# [What to do]
Nothing but the lines below, from the first through the line containing "ミニサイズのベルベットリボンピンです。", should be set down, each one exactly and without pictures.
++++ Source material ++++
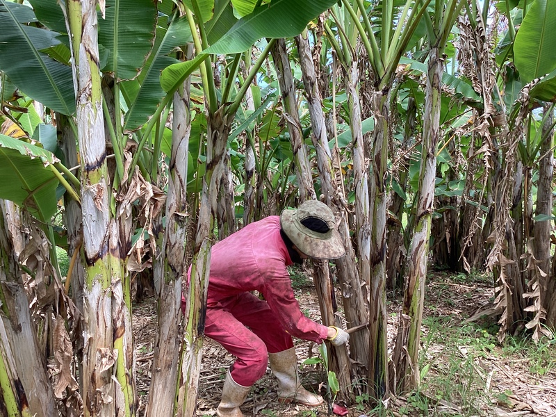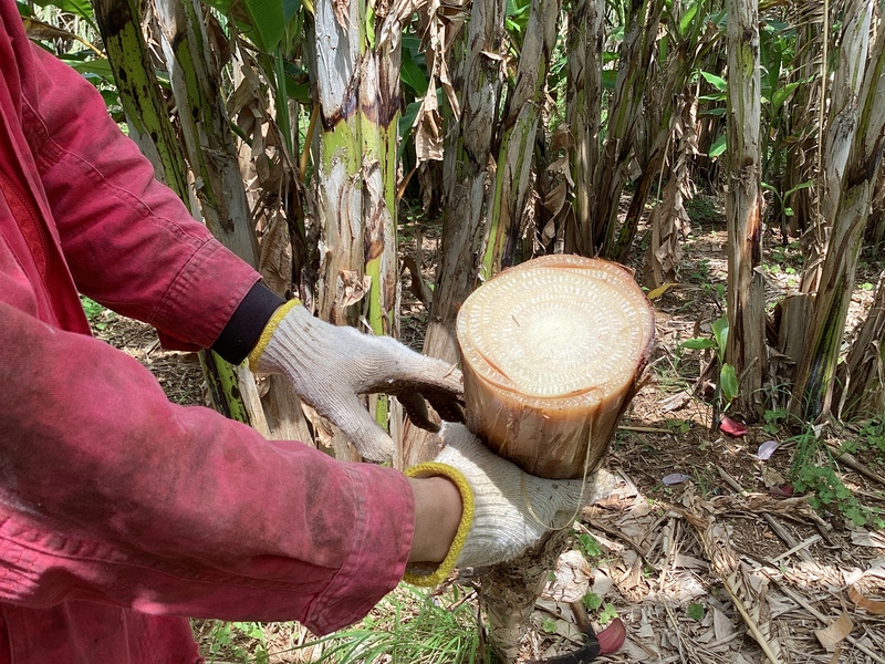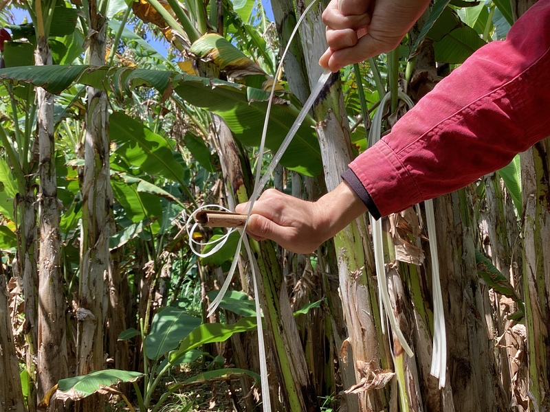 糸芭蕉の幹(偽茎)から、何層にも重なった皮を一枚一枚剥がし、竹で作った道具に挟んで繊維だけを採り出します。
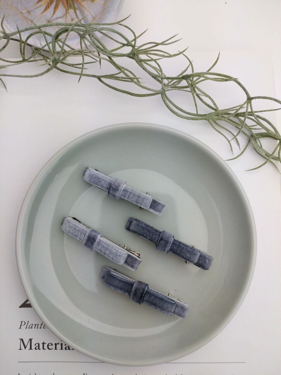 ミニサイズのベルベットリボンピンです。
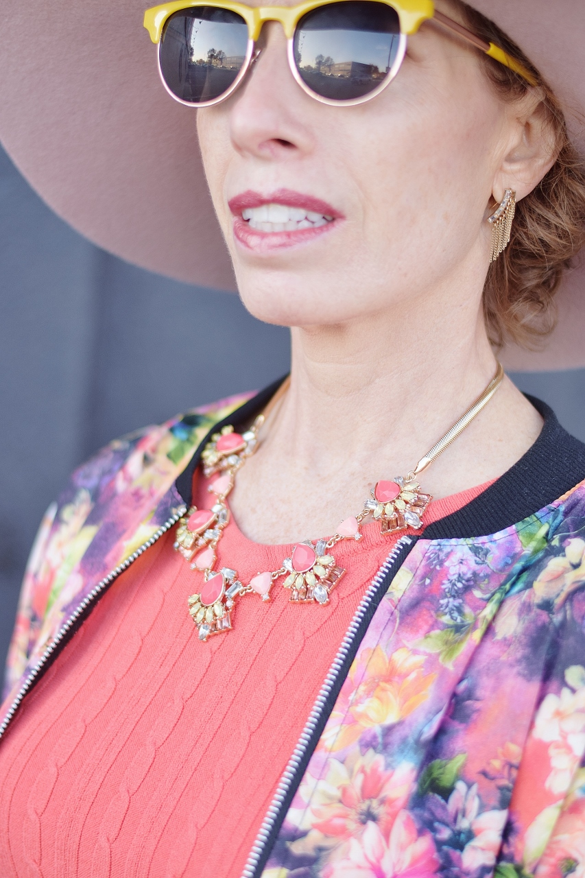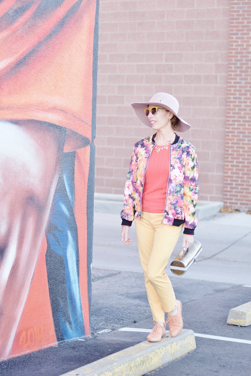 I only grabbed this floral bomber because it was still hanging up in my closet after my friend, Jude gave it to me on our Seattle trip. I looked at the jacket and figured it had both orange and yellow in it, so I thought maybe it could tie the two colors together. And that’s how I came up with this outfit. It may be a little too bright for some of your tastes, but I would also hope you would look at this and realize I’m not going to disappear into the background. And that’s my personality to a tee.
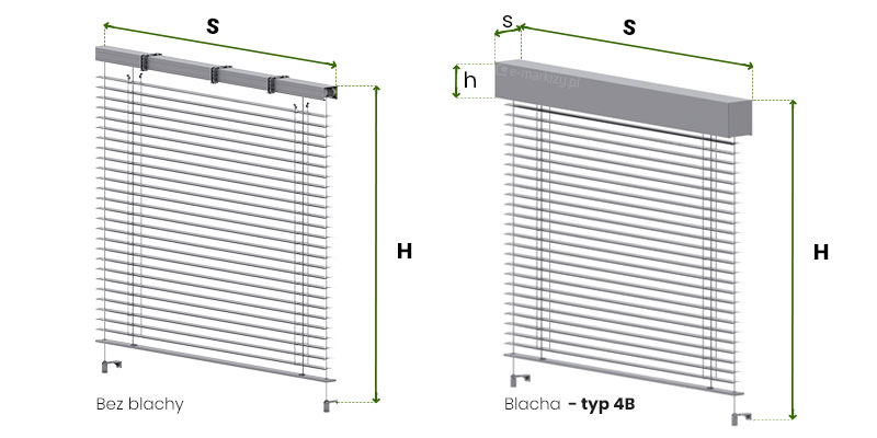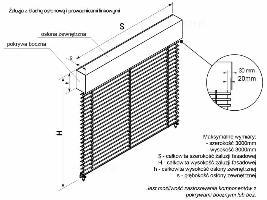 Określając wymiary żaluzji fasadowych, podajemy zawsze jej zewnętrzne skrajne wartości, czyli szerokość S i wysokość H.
++++
# [Task solution]
 糸芭蕉の幹(偽茎)から、何層にも重なった皮を一枚一枚剥がし、竹で作った道具に挟んで繊維だけを採り出します。
 ミニサイズのベルベットリボンピンです。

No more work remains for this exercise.